When a leader assumes that everything stated in an interview is true, it can create a poor choice in hiring. When a leader assumes the hearsay that has gotten back to them is true, they make poor choices in how to respond to information not yet proven to resemble the truth. When a leader assumes “no news is good news” is a powerful employee development strategy, he or she makes the choice to spend time with only those performing poorly and then is surprised when top performers quit unexpectedly. Assumptions, while a way to save time and execute on something rapidly, leave a leader in the dark on making decisions based on accurate data. While no need exists for a leader to analyze the living dickens out of everything they’re told or see, or perceive, a question or two that digs deeper and validate or discount initial insights, has great value.
You’ve not been working long if you’ve not run across the most prevalent organizational focus and concept called employee engagement. Yet, what is this really? Employee engagement is nothing more than creating a workforce who believes someone in that company gives a darn about them and they in turn show that they give a darn about the company. While it could be send in perhaps a more delicate manner, that’s at the heart of it, and so are the hearts of those leaders and employees, as a matter of fact. If a leader assumes they know what motivates or entices each team member, they’ll get it wrong and disengage throngs of team members. If a leader assumes that being paid is enough to engage someone, they’ll create a revolving door of employee turnover. Assumptions are not the only cause of such catastrophic occurrences, but they are what starts many a poor choice, inappropriate reaction, and ineffective program or engagement campaign implementation. Much as the sales and marketing funnel has been flipped upside down to begin with a more customized approach versus one global message to anyone who will listen, the same is true for employee engagement. Find out what they want, like and need, instead of assuming.
As if making poor choices and having a disengaged workforce weren’t enough to thwart one’s leadership efforts, making assumptions creates missed development opportunities for employees, poor communication to employees, misaligned roles and responsibilities, and a team that is generally unhappy. Truthfully, there are both positive and negative assumptions that can create this reality, so as a leader, a worthy goal might be to “trust, then verify” when the assumptions lead toward the positive and then ask more questions when they might create an action that is more damaging.

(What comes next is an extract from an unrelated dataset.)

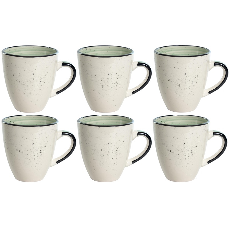 Торговая марка Elrington Тип набор кружек Цвет белый , зеленый Страна происхождения Китай Материал керамика Количество предметов в наборе 6 Объем, мл 400 Рисунок нет Особенности нет Дизайн универсальный Сезонность универсальная Возможность мытья в посудомоечной машине да Возможность использования в СВЧ-печи да Высота кружки/чашки 11 см -

Leaders listen, observe, ask, and test before they allow assumptions to be the basis for their leadership. What theories or beliefs have you used as a basis for your actions, that might well be theories, beliefs, or assumptions that deserve to be questioned? Is your unapproachable Accounts Payable person really hard to get along with or simply doesn’t know how to connect? Is your completely disorganized new salesperson really going to be a pain the neck or a great way to test out your communication and sales skills in selling HR on finding them a detailed support person to handle the incoming sales workload?
Yes, it’s true, we make assumptions every day on myriad things and in many cases they quite simply keep us safe from having to take the time to gather more data. Yet, when in the role of leader, unless you want to put yourself in a position of having to spend more time and effort in damage control, hiring, recruiting, and removing your proverbial tail from your hind quarters, lessen the assumptions at work, quickly.
I’m Monica Wofford and that’s your Monday Moment. Have great week, an even better Monday, and of course, stay contagious!